Solo cuando tenía alrededor de 18 años y me besaba con mi nuevo novio, me enteré del descuido comparativo de mi tren de aterrizaje. Las cosas empezaron a calentarse, y fue difícil pasar por alto su mueca no tan sutil cuando fue sorprendentemente recibido por Bob Ross cuando esperaba a Pamela Anderson. Todavía recuerdo sentirme tan pequeño y poco atractivo mientras tiraba de mi ropa interior, como si me hubiera perdido un memo gigante. ¿Por qué nadie me había dicho que necesitaba quitarme el frizz antes de una cita? ¿Todos en el mundo se afeitaban el vello púbico excepto yo?

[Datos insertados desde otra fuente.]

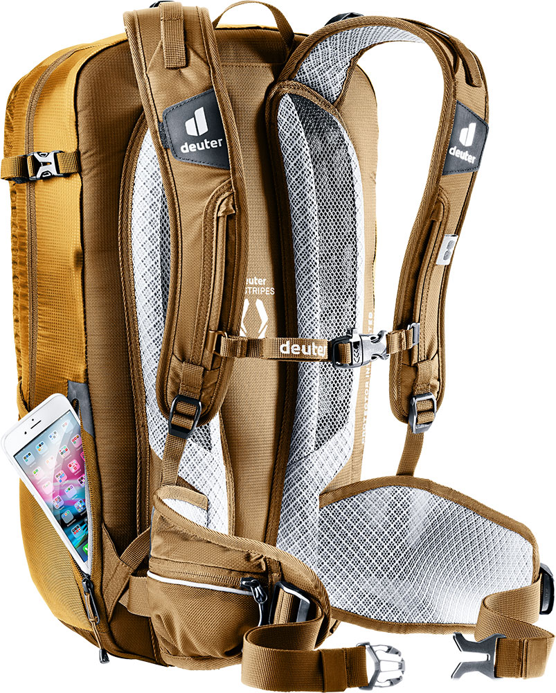 E, claro, há o protetor traseiro certificado pela TÜV/GS que é fácil de remover e oferece segurança máxima para quando as coisas dão errado. O sistema traseiro deuter Airstripes no Flyt oferece excelente ventilação nas costas.

Poco después, me afeitaba cada dos días desde la axila hasta el tobillo, saliendo de la ducha como una foca brillante que acaba de salir del océano. En realidad, no estaba seguro de si lo estaba quitando correctamente. Me preocupaba lo que pudiera aparecer en el historial de búsqueda de la computadora familiar si escribía 'cómo afeitarse el vello púbico' en Google, por lo que seguí mi instinto, lo que significaba protuberancias, encarnados y quemaduras de afeitar. Pero funcionó: no tenía pelo, tenía confianza y tal vez solo me picaba un poco. Mi novio no parecía tan impresionado con la remodelación de mi sótano. Rompimos unos meses después.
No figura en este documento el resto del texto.